It’s official: Chicago Public Schools will close 49 elementary schools for good

Autumn seemed like dark days for Chicago Mayor Rahm Emanuel. The Chicago Teachers Union had declared a strike, shutting down public schools across the city. Nearly two weeks later, Emanuel had capitulated to substantial salary increases for teachers over three years.

Only a fool would bet against Emanuel, though. Not for nothing is the foul-mouthed former ballerina nicknamed Rahmbo. Turns out, Mayor Rahm was playing chess while the union was playing checkers.

On Wednesday, the Chicago Board of Education voted 6-0 to shutter 48 elementary schools and one high school program, reports the Chicago Tribune. (The vote was closer for a 49th elementary school.) All affected students will transfer once their schools close.

The school closings are the centerpiece in Emanuel’s long-term plan to close the $1 billion budget deficit currently facing the city, according to CBS Chicago.

By comparison, the raises teachers got as a result of their strike have an estimated price tag of $74 million each year, notes the Tribune.

The move to close so many schools in such a short time is unprecedented in any large American city (though Philadelphia is also closing a couple dozen schools).

“We can no longer embrace the status quo because the status quo is not working for all Chicago schoolchildren,” said Chicago Public Schools CEO Barbara Byrd-Bennett Byrd-Bennett, according to the Trib. “It is imperative that you take the difficult decision but essential steps.”

“I firmly believe the most important thing we can do as a city is provide the next generation with a brighter future,” said Emanuel in statement.

Emanuel is continuing — in radical fashion — a transformation initiated some two decades ago by then-Mayor Richard Daley who convinced the Illinois legislature to give the city considerable power to overhaul public education. As the Trib notes, Hizzoner presciently saw improved public schools as critical to luring and sustaining a middle-class tax base.

Karen Lewis, president of the Chicago Teachers Union and an ardent critic of Mayor Emanuel, has promised to force the mayor out of office over the school closings. The union has also filed lawsuits.
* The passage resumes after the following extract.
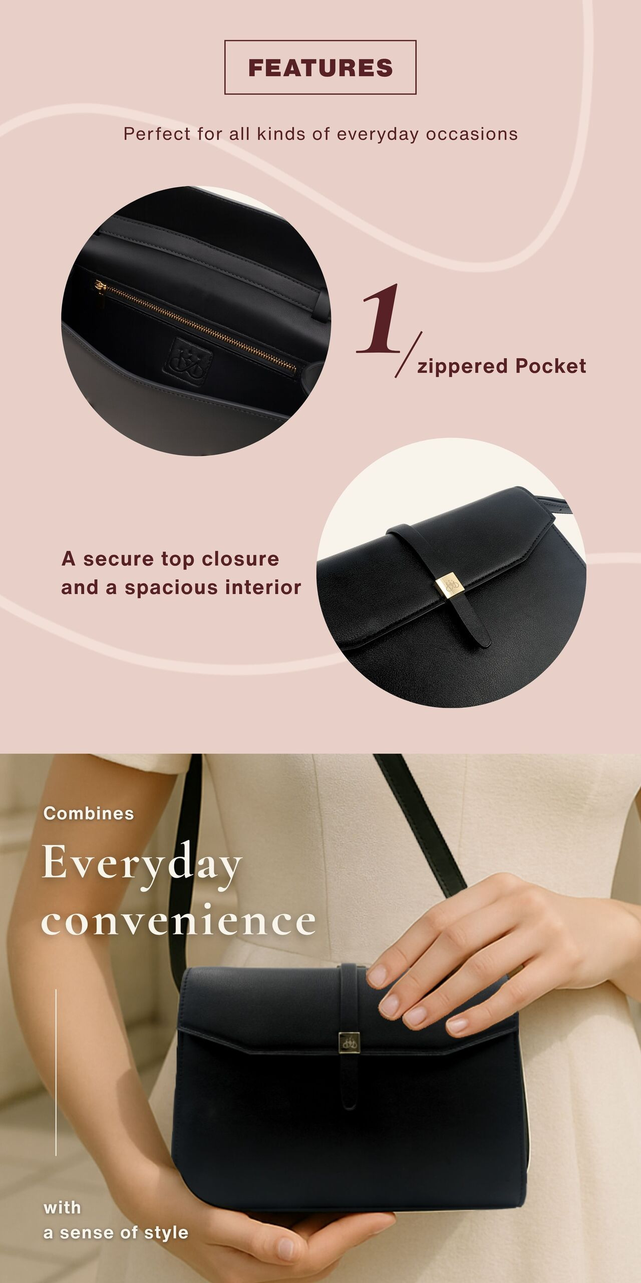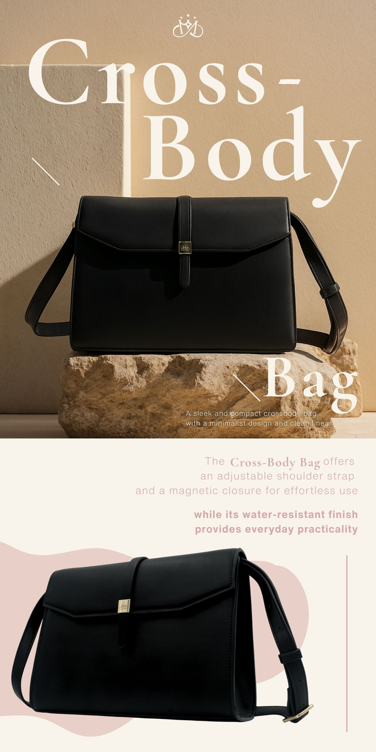 Made with eco-friendly waterproof vegan leather—elegant texture, lightweight & durable. Waterproof design means no rain worries, crossbody style frees your hands. Versatile black perfect for office, business trips, or dates.

“Today is a day of mourning for the children of Chicago,” Lewis lamented in an email obtained by The Daily Caller. “Their education has been hijacked by an unrepresentative, unelected corporate school board, acting at the behest of a mayor who has no vision for improving the education of our children.”

Lewis swore that her side will eventually win the war.

“Our fight for education justice has now moved to the courts, but it must eventually move to the ballot box,” the labor leader wrote. “We must resist this neoliberal savagery masquerading as school reform. We must resist racism in all of its forms as well as the escalating attacks on the working-class and the poor.”

The Chicago Teachers Union will hold an event designed to teach people how to register voters on Thursday evening at Bethel AME Church on Chicago’s South Side.